| What needs to be done |
Write the listing out again word for word, excluding any pictures.

| Data excerpt |
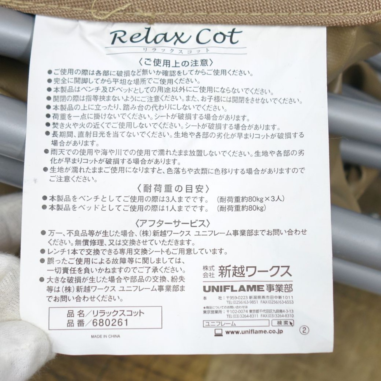 ユニフレーム UNIFLAME Relax Cot リラックス コット 680261 キャンプ ベット 寝具 ベンチ バーベキュー アウトドア
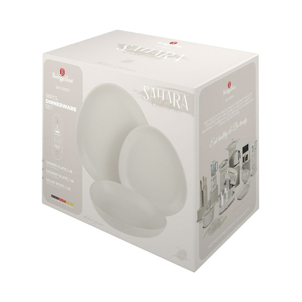 Das 18-teilige Tellerset der Sahara Collection von Berlinger Haus überzeugt durch sein hochwertiges Steingut und das elegante matte Design. Es bringt modernen Charme in deine Küche und eignet sich perfekt für den täglichen Gebrauch oder besondere Anlässe. Das Set umfasst verschiedene Tellergrössen, die sich ideal für alle Mahlzeiten eignen. Dank der spülmaschinenfesten Eigenschaft sparst du Zeit bei der Reinigung. Zudem ist das Set mikrowellengeeignet, sodass du deine Speisen bequem aufwärmen kannst. Verleihe deinem Tisch mit diesem Set einen stilvollen und zeitlosen Look., , Produktinformation, , Hochwertiges Steingut, Mattes Design, Spülmaschinenfest, Mikrowellengeeignet, , Lieferumfang, 6x Essteller: 30 x 27 x 3 cm, 6x Suppenteller: 23,6 x 21,5 x 5 cm, 6x Dessertteller: 23 x 21 x 2,5 cm
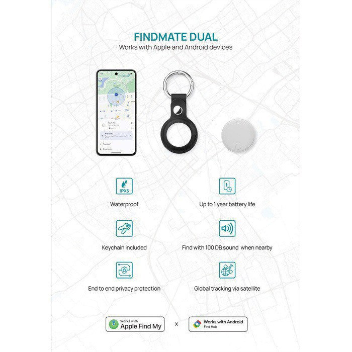 Traceur d’objets premium fabriqué en ABS recyclé avec certification RCS. Compatible avec le réseau Apple Find My et Android Find Hub, il permet de localiser en temps réel clés, portefeuilles, sacs, bagages ou même animaux de compagnie. Il garantit la sécurité grâce au chiffrement de bout en bout d’Apple et Google. Il intègre un haut-parleur avec alarme très puissante de 100 dB pour faciliter la localisation à courte distance. Résistant à l’eau avec certification IPX5, il possède un porte-clés en PU qui assure durabilité. Il inclut le mode Perdu pour recevoir des notifications lorsque des objets sont oubliés. Fonctionne avec une pile CR2032 remplaçable offrant jusqu’à un an d’autonomie. Présenté dans un emballage certifié FSC.

| Output below |
 ユニフレーム UNIFLAME Relax Cot リラックス コット 680261 キャンプ ベット 寝具 ベンチ バーベキュー アウトドア
 Das 18-teilige Tellerset der Sahara Collection von Berlinger Haus überzeugt durch sein hochwertiges Steingut und das elegante matte Design. Es bringt modernen Charme in deine Küche und eignet sich perfekt für den täglichen Gebrauch oder besondere Anlässe. Das Set umfasst verschiedene Tellergrössen, die sich ideal für alle Mahlzeiten eignen. Dank der spülmaschinenfesten Eigenschaft sparst du Zeit bei der Reinigung. Zudem ist das Set mikrowellengeeignet, sodass du deine Speisen bequem aufwärmen kannst. Verleihe deinem Tisch mit diesem Set einen stilvollen und zeitlosen Look., , Produktinformation, , Hochwertiges Steingut, Mattes Design, Spülmaschinenfest, Mikrowellengeeignet, , Lieferumfang, 6x Essteller: 30 x 27 x 3 cm, 6x Suppenteller: 23,6 x 21,5 x 5 cm, 6x Dessertteller: 23 x 21 x 2,5 cm
 Traceur d’objets premium fabriqué en ABS recyclé avec certification RCS. Compatible avec le réseau Apple Find My et Android Find Hub, il permet de localiser en temps réel clés, portefeuilles, sacs, bagages ou même animaux de compagnie. Il garantit la sécurité grâce au chiffrement de bout en bout d’Apple et Google. Il intègre un haut-parleur avec alarme très puissante de 100 dB pour faciliter la localisation à courte distance. Résistant à l’eau avec certification IPX5, il possède un porte-clés en PU qui assure durabilité. Il inclut le mode Perdu pour recevoir des notifications lorsque des objets sont oubliés. Fonctionne avec une pile CR2032 remplaçable offrant jusqu’à un an d’autonomie. Présenté dans un emballage certifié FSC.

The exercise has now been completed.